Organisation dedicated to preserving historical record of human atrocities begins conference with visit to Tuol Sleng
Nepali academic Abhi Subedi (left) and S-21 survivor Vann Nath at the Asian Sites of Conscience conference at the Sunway Hotel Monday.
REPRESENTATIVES from "remembrance sites" around Asia gathered in Phnom Penh on Monday for the third annual meeting of the Asian Sites of Conscience, opening the three day conference with a visit to the Tuol Sleng prison.
The conference was organised by the Liberation War Museum in Bangladesh in collaboration with the Cambodian genocide research group, the Documentation Center of Cambodia (DC-CAM).
The event will bring together Asian members of the International Coalition of Sites of Conscience (ICSC), a New York-based organisation that represents 70 historic sites and hundreds of historic institutions around the world, including the Gulag museum in Russia and holocaust museums throughout Europe.
Mofidul Hoque, the regional coordinator of ICSC, applauded Cambodia on the achievements of the Tuol Sleng museum and DC-CAM.
"Cambodia has made its mark and is recovering from its past atrocities," Hoque said.
Hoque also commented on the importance of collective memory to national progress in countries with traumatic histories, saying that the organisations "want to look forward to the future".

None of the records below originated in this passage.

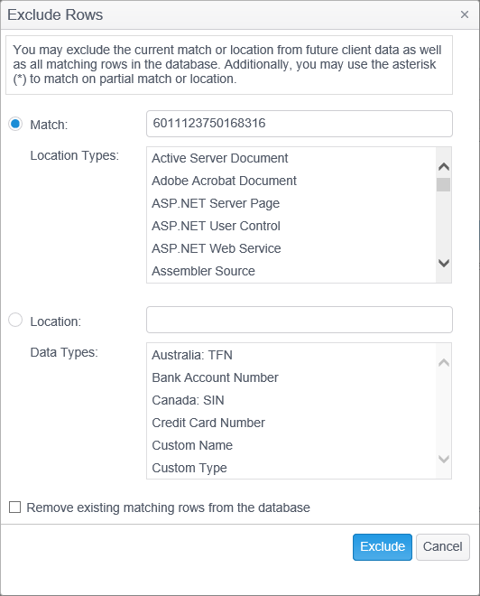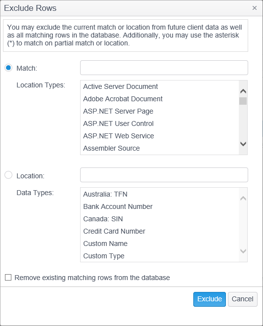 - Data Types: Select which data types to exclude for the location entered above. Only the selected data types will be excluded when found in the location that you entered. If you do not select any data types, it is the same as selecting all data types.
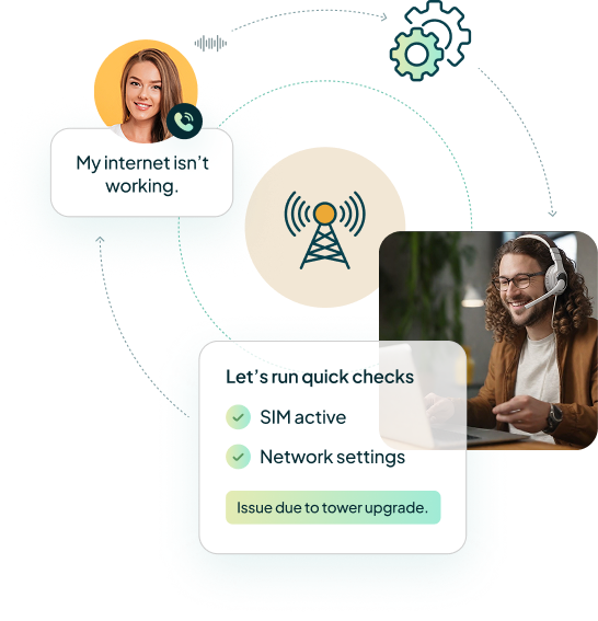 No more scrambling for plan details or roaming policies. Our Agentic AI listens, guides, and automates workflows (whether it’s resolving a billing dispute, activating a new number, or explaining international data roaming) so agents deliver accurate, personalized solutions in record time.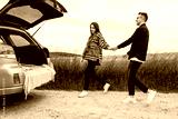 Young Beautiful Couple Having Fun Near the Car, Travel and Roadtrip Concept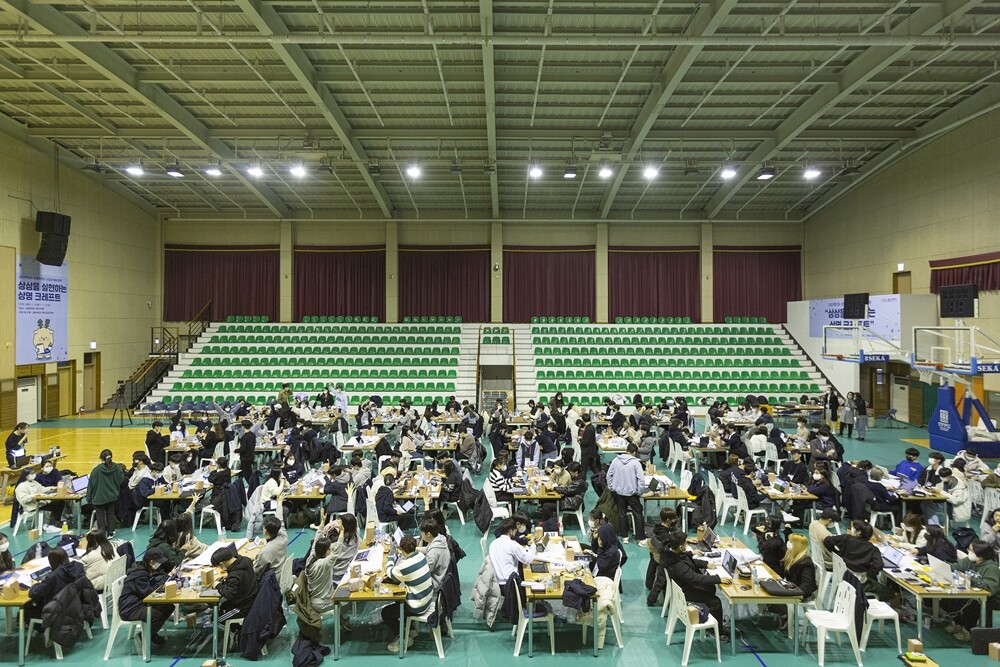 수시모집에 합격해 입학을 앞둔 서울과 천안 캠퍼스 예비 신입생 200여 명을 대상으로 한 이번 예비대학의 주제는 ‘상상을 실현하는 상명 크레프트’. 예비 신입생들은 1박 2일간 대학 수련원에서 함께 생활하며 ▲대학 소개 ▲동아리 공연 ▲교원 특강 ▲해커톤 ▲교양교육 과정 안내 등 대학 생활 조기 적응을 위한 15시간의 프로그램을 통해 대학생으로서의 역량을 키웠다.

ICSC representative Bix Gabriel told the Post that she hoped that the meeting would strengthen the collaboration of the member states in their quest to share complex historical issues with younger generations across Asia.

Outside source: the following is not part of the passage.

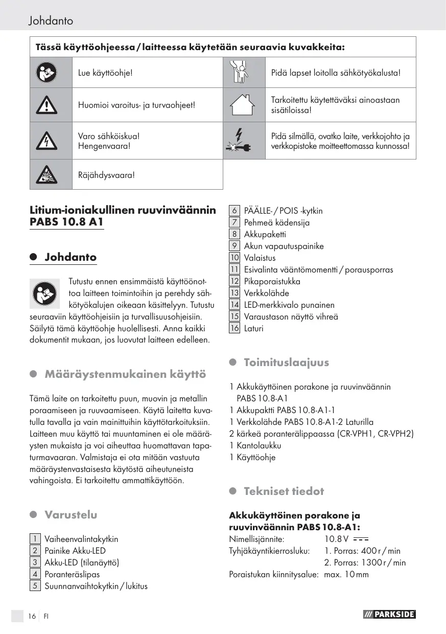 Johdanto Määräystenmukainen käytô. 16 Varustelu… lé Toimituslaajuus 16 Tekniset tiedoi 16 Sähkôtyôkaluja koskevat yleiset turvaohjeet 1. Tyépaikkaturvallisuus. 17 2. Sähkôturvallisuus 18 3. Henkilôiden turvallisuus. 18 4. Sähkätyäkalujen huolellinen käsittely ja käyttS . Sivu 18 5. Akkutyôkalun käytté ja käsittely ivu 19 Akkukäyttôisen porakoneen turvachjeet . .Sivu 19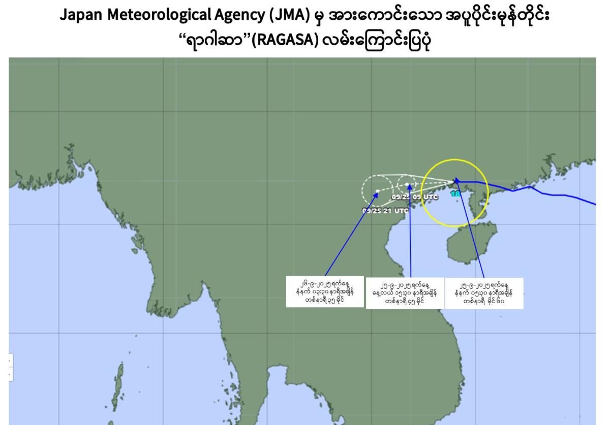 “ယနေ့မြန်မာစံတော်ချိန် ၀၅:၃၀ နာရီအချိန် တိုင်းထွာချက်များအရ တရုတ်နိုင်ငံတောင်ပိုင်း၊ ဂွမ်ဒေါင်း ပြည်နယ် ကမ်းရိုးတန်းဒေသများကို ဖြတ်ကျော်ခဲ့သော တိုင်ဖွန်းမုန်တိုင်း “ရာဂါဆာ” (RAGASA)သည် အနောက်ဘက်သို့ရွေ့လျားခဲ့ပြီး အားကောင်းသောအပူပိုင်းမုန်တိုင်း “ရာဂါဆာ” အဖြစ် အားလျော့သွား ခဲ့ကာ ကွမ်ရှီးပြည်နယ် နယ်စပ်ဒေသများသို့ ရောက်ရှိခဲ့ပါသည်။ အဆိုပါ အားကောင်းသော အပူပိုင်းမုန်တိုင်း “ရာဂါဆာ” သည် နောက် ၆ နာရီအတွင်း အပူပိုင်းမုန်တိုင်း“ရာဂါဆာ” အဖြစ်ဖြင့် ကွမ်ရှီးပြည်နယ်တောင်ပိုင်းဒေသများကို ဆက်လက်ဖြတ်ကျော်နိုင်ကာ ထိုမှတစ်ဆင့် အနောက်ဘက်သို့ ဆက်လက်ရွေ့လျားနိုင်ပြီး နောက် ၂၄ နာရီအတွင်း အပူပိုင်းမုန်တိုင်းငယ်အဖြစ်ဖြင့် ဗီယက်နမ်နိုင်ငံ မြောက်ပိုင်းဒေသများကို ဆက်လက်ဖြတ်ကျော်နိုင်သည်ဟု ခန့်မှန်းရပါသည်။”

"We recognise the power museums have to address the solid issues of today and of the past," she said. "We want to help resolve the underlying questions about why these histories have come to exist."

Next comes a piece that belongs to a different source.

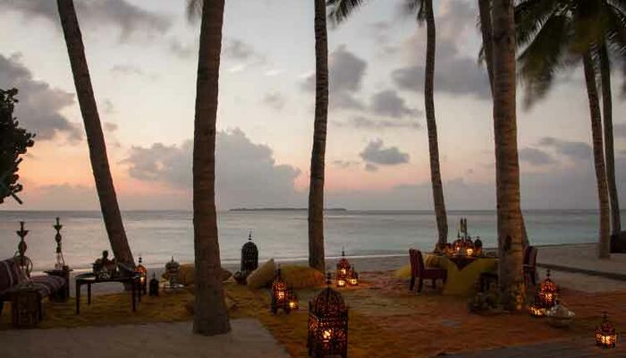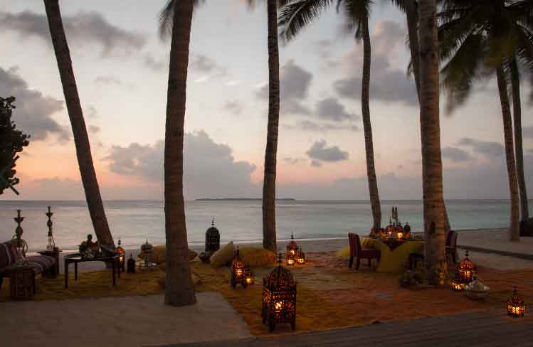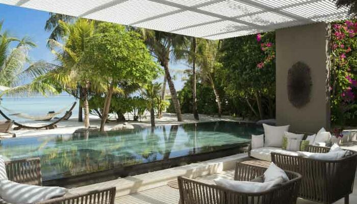 In the rare gardens, plush ottomans and chairs invite guests to immerse in Maldivian serenity.

She explained that the sites of conscience are all significant for their use of physical space to make history come alive and to speak to people today.
"[Our] sites are significant because they use the physical space of history to connect to people today," she said.
Akku Chowdhury from the Liberation War Museum in Bangladesh said that it was symbolic for Asia's sites of remembrance to come together. "Our sites can reflect upon the past and connect to the future, so the same mistakes are not repeated. We are all connected."
Tuol Sleng survivor Vann Nath and ECCC spokeswoman Helen Jarvis, among others, are representing Cambodia at the conference.